44. Marriage is called network access, bigamy is called a card with even numbers, extramarital love is called call transfer, lovers are called Monternet, divorce is called cancellation number, separation is called departure number, and women remarriage is called transfer. A man's remarriage is called a replacement card, and the change is called Unicom.
45. The building foundation should be laid firmly, not afraid of rain or waterlogging, and the living foundation should be laid firmly and improved step by step. Life is like a building. You should use real materials, build it cleanly, mix your own buildings, and finally ruin your life.
46, the goods are not afraid of fake, rebate is the spirit; Rice is not afraid of being expensive, but public funds will do; Knowledge is not deep, but you can fight for it; Art is not high, but it is red when it is submerged; It is not beautiful, but it is famous if you dare to take it off; You have money if you are not tall. The ball is not in the skill, and the black whistle wins; It's no big deal, giving a gift is success; A wife is not ugly, but a husband is glorious if he has money.
47. Draw a phoenix on the pink wall, and the phoenix is painted on the pink wall. Red phoenix powder phoenix, red pink phoenix flower phoenix. Red Phoenix, Yellow Phoenix, Pink Phoenix, Pink Phoenix, Pollen Phoenix.
48. A person is sitting in a lovesick chair, holding a lovesick pen, looking at the lovesick moon, thinking about you, writing a lovesick letter, and crying with a lovesick word. I'm thinking about you!
49. On the east-west road, I ran into a man biting a dog, picked up the dog's head and hit a brick, and was bitten by the brick. It is right to tell the truth by turning right from wrong. I know my heart, I wish you happiness every day!
50. East and West Street, go north and south, walk back along the wall, and go to the cave to worry. The waistline has increased by 2.5%! It's all because of gluttony. After eating watermelon and sweet potato, it is said that sweet potato is a big tonic, and eating too much will cause intestinal obstruction, which is hard for this big mouse!

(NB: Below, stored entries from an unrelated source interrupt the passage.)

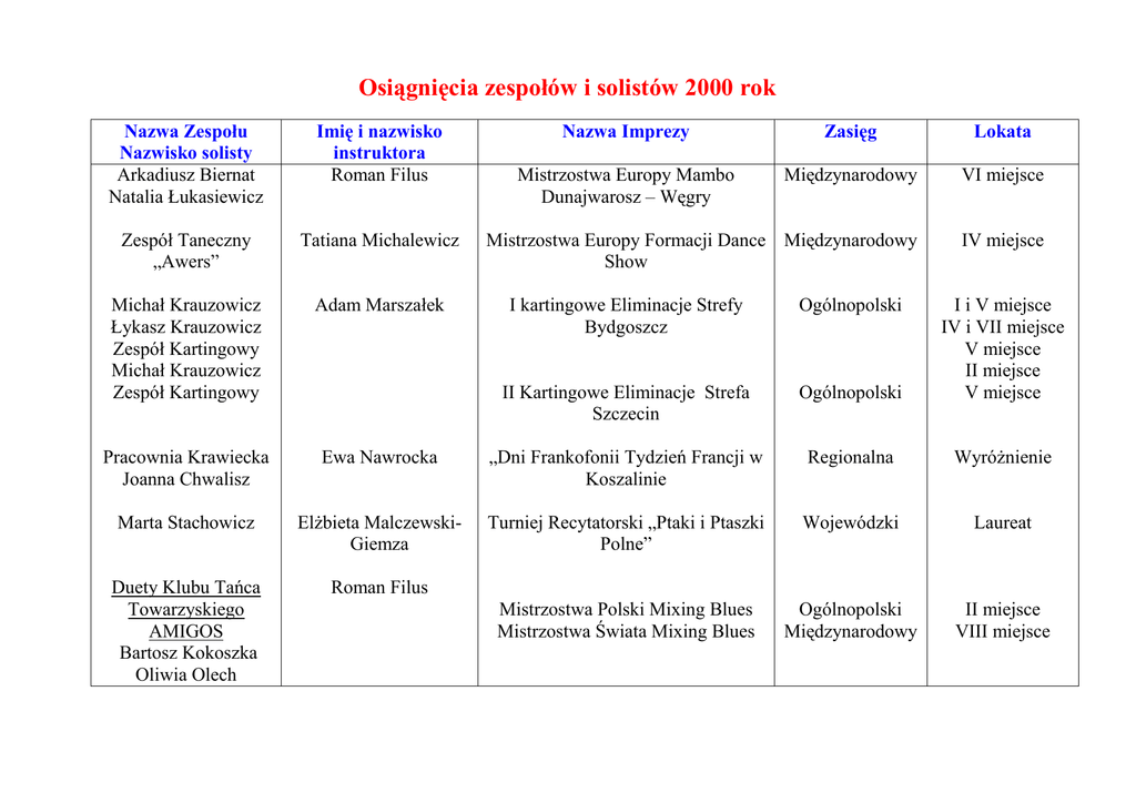 Osiągnięcia zespołów i solistów 2000 rok Nazwa Zespołu Nazwisko solisty Arkadiusz Biernat Natalia Łukasiewicz Imię i nazwisko instruktora Roman Filus Zespół Taneczny „Awers” Tatiana Michalewicz Michał Krauzowicz Łykasz Krauzowicz Zespół Kartingowy Michał Krauzowicz Zespół Kartingowy Adam Marszałek Pracownia Krawiecka Joanna Chwalisz Nazwa Imprezy Zasięg Lokata Mistrzostwa Europy Mambo Dunajwarosz – Węgry Międzynarodowy VI miejsce Mistrzostwa Europy Formacji Dance Międzynarodowy Show IV miejsce I kartingowe Eliminacje Strefy Bydgoszcz Ogólnopolski II Kartingowe Eliminacje Strefa Szczecin Ogólnopolski I i V miejsce IV i VII miejsce V miejsce II miejsce V miejsce Ewa Nawrocka „Dni Frankofonii Tydzień Francji w Koszalinie Regionalna WyróŜnienie Marta Stachowicz ElŜbieta MalczewskiGiemza Turniej Recytatorski „Ptaki i Ptaszki Polne” Wojewódzki Laureat Duety Klubu Tańca Towarzyskiego AMIGOS Bartosz Kokoszka Oliwia Olech Roman Filus Mistrzostwa Polski Mixing Blues Mistrzostwa Świata Mixing Blues Ogólnopolski Międzynarodowy II miejsce VIII miejsce Marek Zwierzchowski Kamila Tarasewicz Mistrzostwa Polski Mixing Blues Ogólnopolski III miejsce Grzegorz Kmita Nikolet Zisopulu Mistrzostwa Polski w Mambo, Mixing Blues, Hot Blues Ogólnopolski I miejsce Arkadiusz Biernat Natalia Łukszewicz Mistzrostwa Polski w Tango Argentino Ogólnopolski II miejsce Jacek Jobkie Joanna Iwańska Mistrzostwa Polski w Acromixing Blues Ogólnopolski I miejsce Grzegorz Wojciechowski Beata Duda Mistrzostwa Europy w Tango Argentino Bruge - Belgia Międzynarodowy VIII miejsce
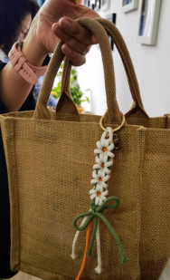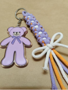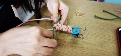 在職工小家的桌上,精心準備的各色彩繩、鑰匙扣整齊擺放,等著一雙雙巧手將它們化繭成蝶?;顒娱_始后,教職工們根據各自喜愛的配色選擇不同顏色的彩繩,開始認真學習繩結穿引的技巧,邊學邊動手,在動手的過程中逐漸熟能生巧。不久后,一個個粉色、黃色、紫色、白色的手工編織花鏈便制作完成了,異彩紛呈,競相爭艷。歡聲笑語中,大家將花鏈掛在包包上、手機上,隨時看到就能憶起在校手工協會度過的美好時光和追求生活情趣的積極態度。
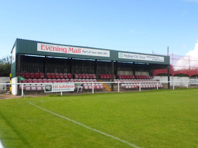 The club play in Barrow-in-Furness, a town I visited back in 2009 for what turned out to be a Christmas cracker. Their home ground is found just off the A590, on the outskirts of the town next to the Barrow Golf Club. The club have played at Rakesmoor Lane since 1972, which has a capacity of 1,750, made up of a 220 seated stand and open standing all around. The stand is at the entrance between the corner flag and the goal, with the clubhouse and changing rooms down one side. There is also some cover on this side but the majority of the roof is missing. Opposite is the team dugouts and there are three sets of lights at each side. Rakesmoor has nice panoramic views of the surrounding countryside, but its exposed location means it’s a bit of a wind trap, so an August visit was ideal.
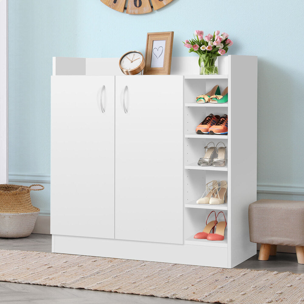 The shoe cabinet features 4 shelving compartments behind 2 doors to store up to 16 pairs of shoes, while open shelves to the side fits up to 5 pairs for quick access of your everyday shoes with ease. All tiers are adjustable for versatile storage needs.
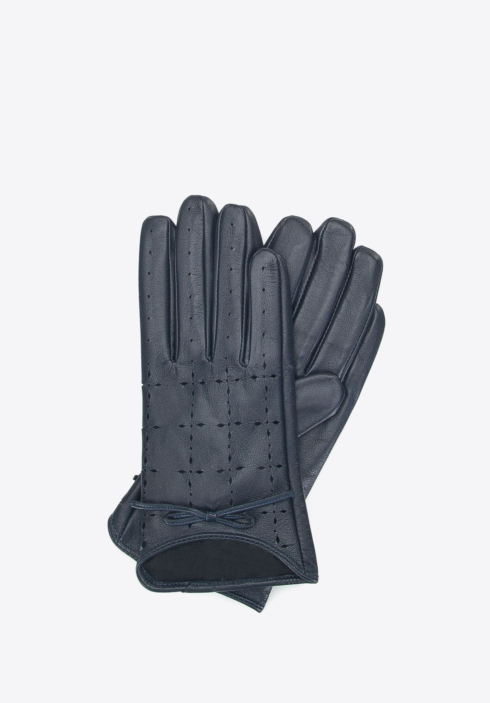 Klasszikus, béleletlen női kesztyű, a legmagasabb minőségű báránybőrből készül. Kifinomult lyukacsos mintázatának köszönhetően nőiesen kifinomult kesztyű. Stílusos masni emeli ki az összhatást, megőrizve a modell stílusosságát.
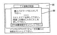 図2Fは、購入パスワードが設定されず、ユーザーが視聴制御メニュー66からの「IPPV消費限度のセット」機能を選択した場合にユーザーに対し示されるポップアップ64の好ましい一実施形態を示す。IPPVはインパルスペイ・パー・ビューの略であり、例えばリモコンといったユーザー入力装置を介して購入されるPPV番組を意味する。これは、番組を購入するのにユーザーが番組プロバイダを電話で呼出す必要のある従来のPPV番組とは異なっている。ユーザーは、ユーザー入力装置上でキーを押すか又はそれをTV予約ガイド上で選択するかのいずれかによってSELECTキーを入力することにより、メインメニュー50から購入パスワードを設定することができる。図2Gは、購入パスワードが設定されユーザーが視聴制御メニュー66から「IPPV消費限度のセット」機能を選択した場合にユーザーに示されるポップアップ68の好ましい一実施形態を示す。この場合、ユーザーは、単純に購入パスワードを入力し、SELECTキーを入力することになる。図2Gに示されているように、ユーザーが間違った場合、ユーザーはCANCELキーを入力し、パスワードを再入力することができる。  FIG. 2F shows a preferred embodiment of a pop-
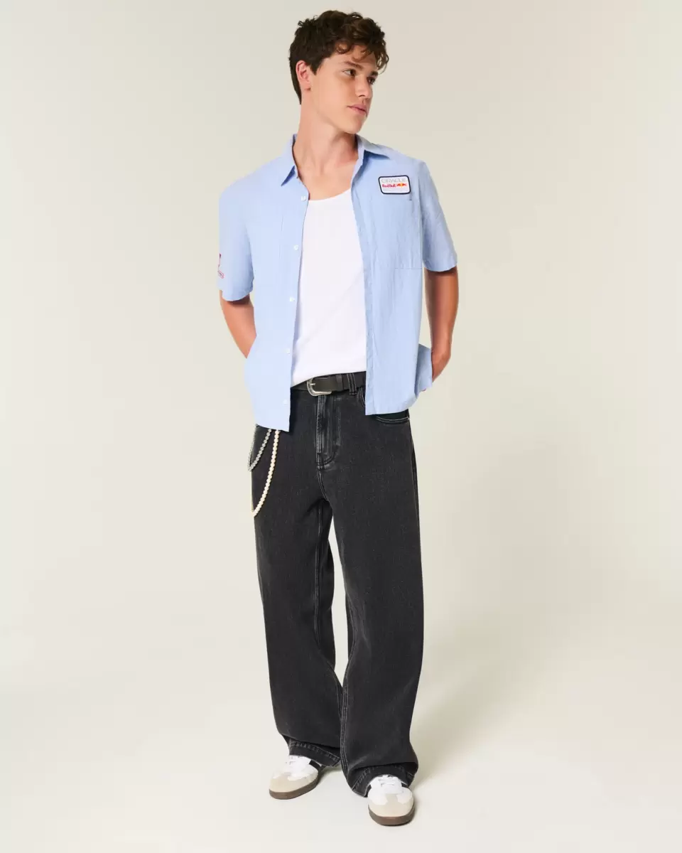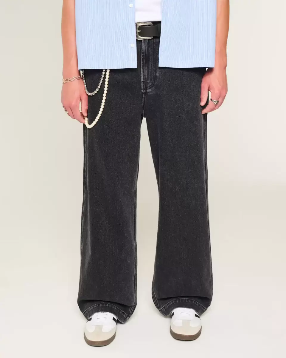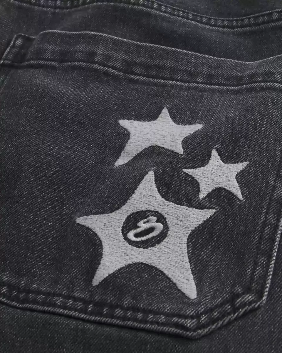 Comfortable denim jeans in washed black, designed with a super baggy leg. Embroidered star graphic at back pocket.
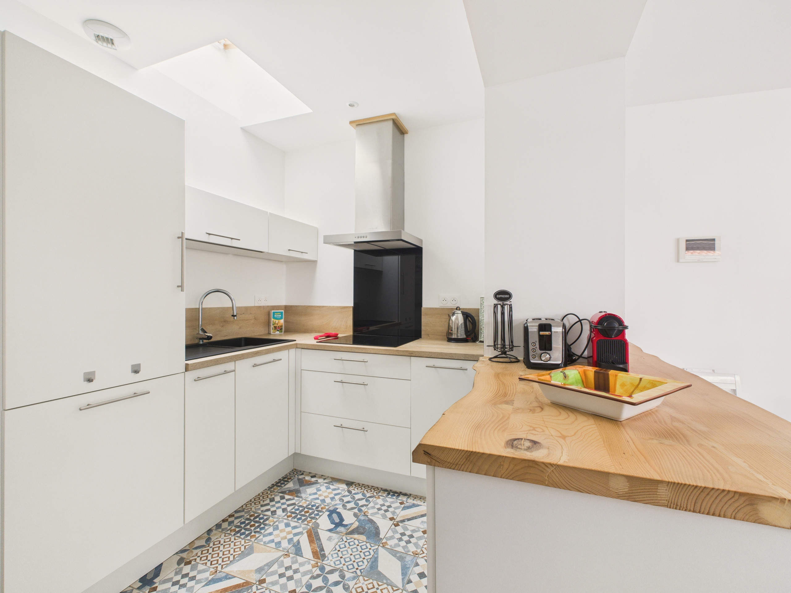 The living area includes a lounge corner with TV and Wi-Fi connection, as well as a dining room with access to the terrace. The open kitchen is equipped with all the necessary appliances to make you feel at home: fridge-freezer, induction hob, combined small oven, filter coffee maker and Nespresso, toaster and kettle. You will also have a bathroom and a separate toilet. A laundry room with washing machine completes the rental.
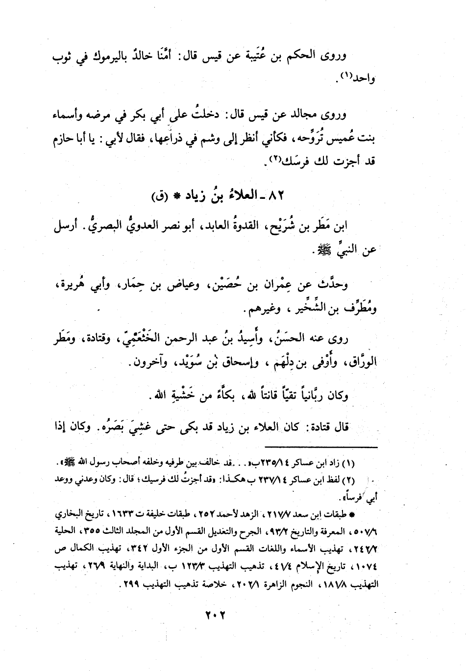 (*) طبقات ابن سعد 7 / 217، الزهد لأحمد 252، طبقات خليفة ت 1633، تاريخ البخاري 6 / 507، المعرفة والتاريخ 2 / 93، الجرح والتعديل القسم الأول من المجلد الثالث 355، الحلية 2 / 242، تهذيب الأسماء واللغات القسم الأول من الجزء الأول 342، تهذيب الكمال ص 1074، تاريخ الإسلام 4 / 41، تذهيب التهذيب 3 / 123 ب، البداية والنهاية 9 / 26، تهذيب التهذيب 8 / 181، النجوم الزاهرة 1 / 202، خلاصة تذهيب التهذيب 299.
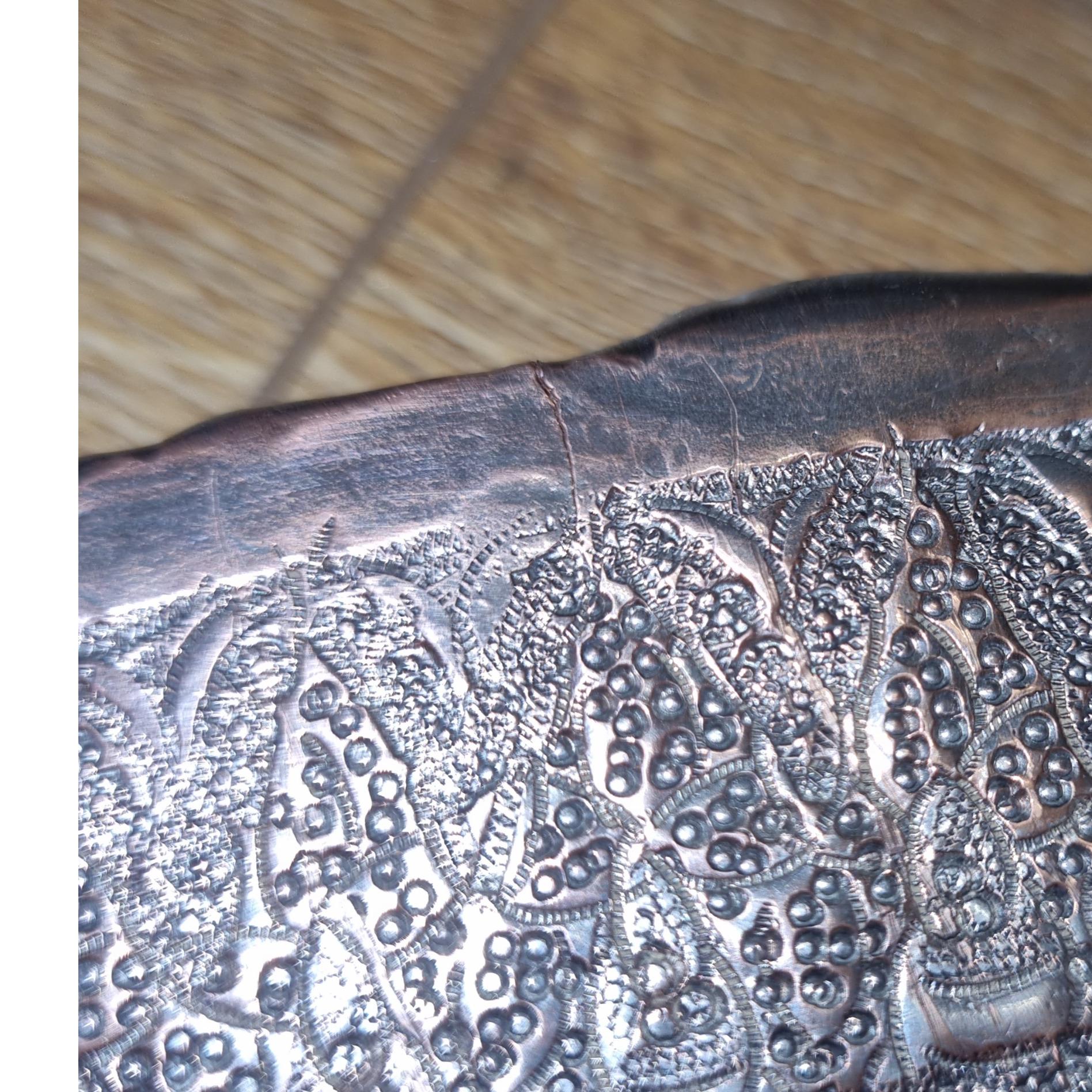 پشت کار آثار کمرنگی از قیر مشاهده میشه که نشان از قلم زنی با دست است

5 1. I didn't know I was a small official until I arrived in Beijing. When I arrived in the northeast, I realized that I was timid; When I arrived in Shanghai, I realized that I was not well dressed. When I arrived in Shenzhen, I knew I had no money. I didn't know I was in poor health until I arrived in Hainan.
52. A tour guide should have a mother-in-law's mouth, a mother's heart, treat guests, learn from A Qing's sister-in-law, laugh when you meet, and don't think about it afterwards; All the guests came, all with one mouth. As soon as people leave, the tea gets cold, everything at home is thriving, and the family never stops.
53. Playing cards well shows that you have brains, you are good at playing cards, your thinking is clear, you are good at playing cards, you know the economy, you are not afraid of being blown up, you are courageous, you win quietly, you are shrewd, you don't surrender when you lose, and you have a strong sense of competition.
54, moonlight in front of the window, the original debt collection shortage; Looking up, I saw a big water tank; I wish I didn't work hard when I was a child and played games all day. It's not too late to turn your back!
55. Smoking, drinking, playing mahjong and falling in love with the Internet. Crazy with you, surfing with you, uh-huh until dawn. I patted the powder and kissed it in the middle of the road. Take a shower, blow bubbles, and sleep with your wife.
56. Anyone who loves is heartbroken, and it's bad luck to do anything. I felt ashamed, like soot on the ground, but I was helpless. I fell asleep and woke up drunk. I didn't expect the legs of the bed to be half disabled and not fall down, just sitting on a screwdriver, damn it! My thigh!